General Electric has also tapped the timeless film for its Smart Grid technology. In 2009 it launched a Super Bowl spot that featured the character of the Scarecrow singing his famous tune ‘If Only I Had a Brain’.

This, again, came from BBDO New York, whose creatives seem to have a soft spot for the 1939 film.

More recently, in 2015 Xfinity launched a campaign during the Oscars that was a very unique approach to The Wizard of Oz. The 60-second spot shows Emily, a seven-year-old girl born blind, who describes what she pictures when she watches the film. It was very well received and gathered a number of industry accolades for agency Goodby, Silverstein & Partners New York

Not all brands have nailed it, however. In 2000 FedEx pulled its Wizard of Oz-themed commercial because it was seen to encourage children to breathe in inhalants. The spot debuted during the Super Bowl and featured the Lollipop Guild using helium balloons to get their high-pitched voices back.

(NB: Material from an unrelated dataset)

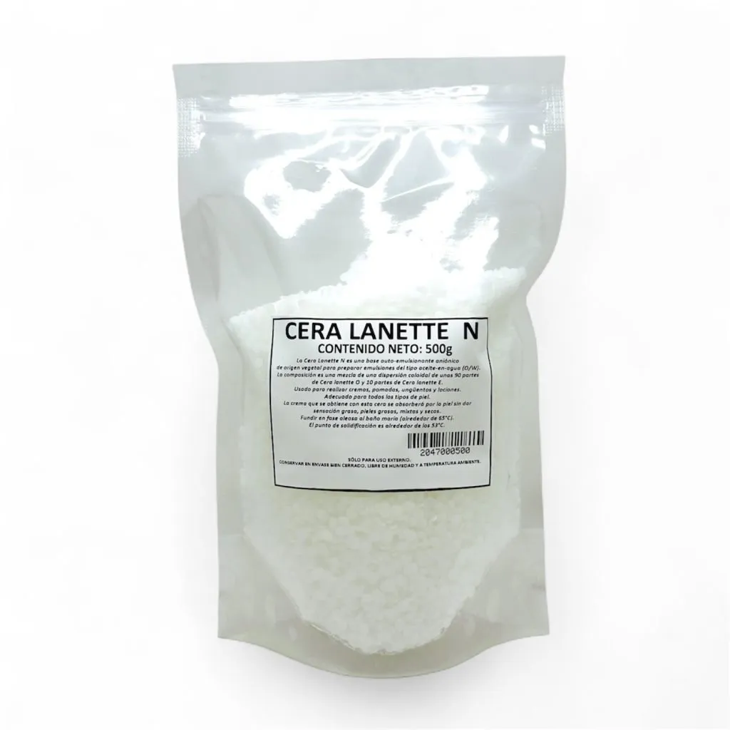 La Cera Lanette N es un emulsionante no iónico de alta calidad, ampliamente utilizado en la elaboración de cremas, lociones, ungüentos y otros productos cosméticos. Su función principal es estabilizar emulsiones tipo aceite en agua (O/W), aportando una textura suave, cremosa y de rápida absorción. Es un ingrediente esencial en formulaciones cosméticas tanto artesanales como profesionales.

This caught the attention of the National Inhalant Prevention Council’s director, who stated that the ad suggested “it was OK for young people to put some sort of gas into your body”.

So, the question beckons – what is it about The Wizard of Oz that makes it such a popular choice for advertising?

At Born Licensing we often work on campaigns that license films, television shows and characters in one way or another. A lot of scripts and concept materials that are shared with us find ways to leverage elements that have nostalgic appeal.

For example, the characters of the latest Moneysupermarket campaigns (He-Man, Skeletor, and now Action Man) come with an existing awareness across generations. They are bursting with cherished memories, taking the viewer back to earlier times in their lives such as their childhood.

Similarly, The Wizard of Oz is one of those films that has universal appeal. Kids love it. Grannies love it. And everyone in-between loves it. It’s timeless, and a lot of the elements in the story are still relevant today.

An advertiser that finds a way to creatively tap an iconic film like this will reap the rewards. It will likely be talked about and shared on social media. However, it does come with some risk. Consumers can be quite sensitive to seeing their favourite movies and characters being tied in to a product. It must be done right, while showing respect to the adoring fans.

Here’s hoping that the new Halifax campaign will be placed in the pile of great The Wizard of Oz advertisements, rather than alongside the work of FedEx.

David Born has been in the world of character licensing for over 10 years. He has held senior positions at Warner Bros and Cartoon Network, and currently runs Born Licensing.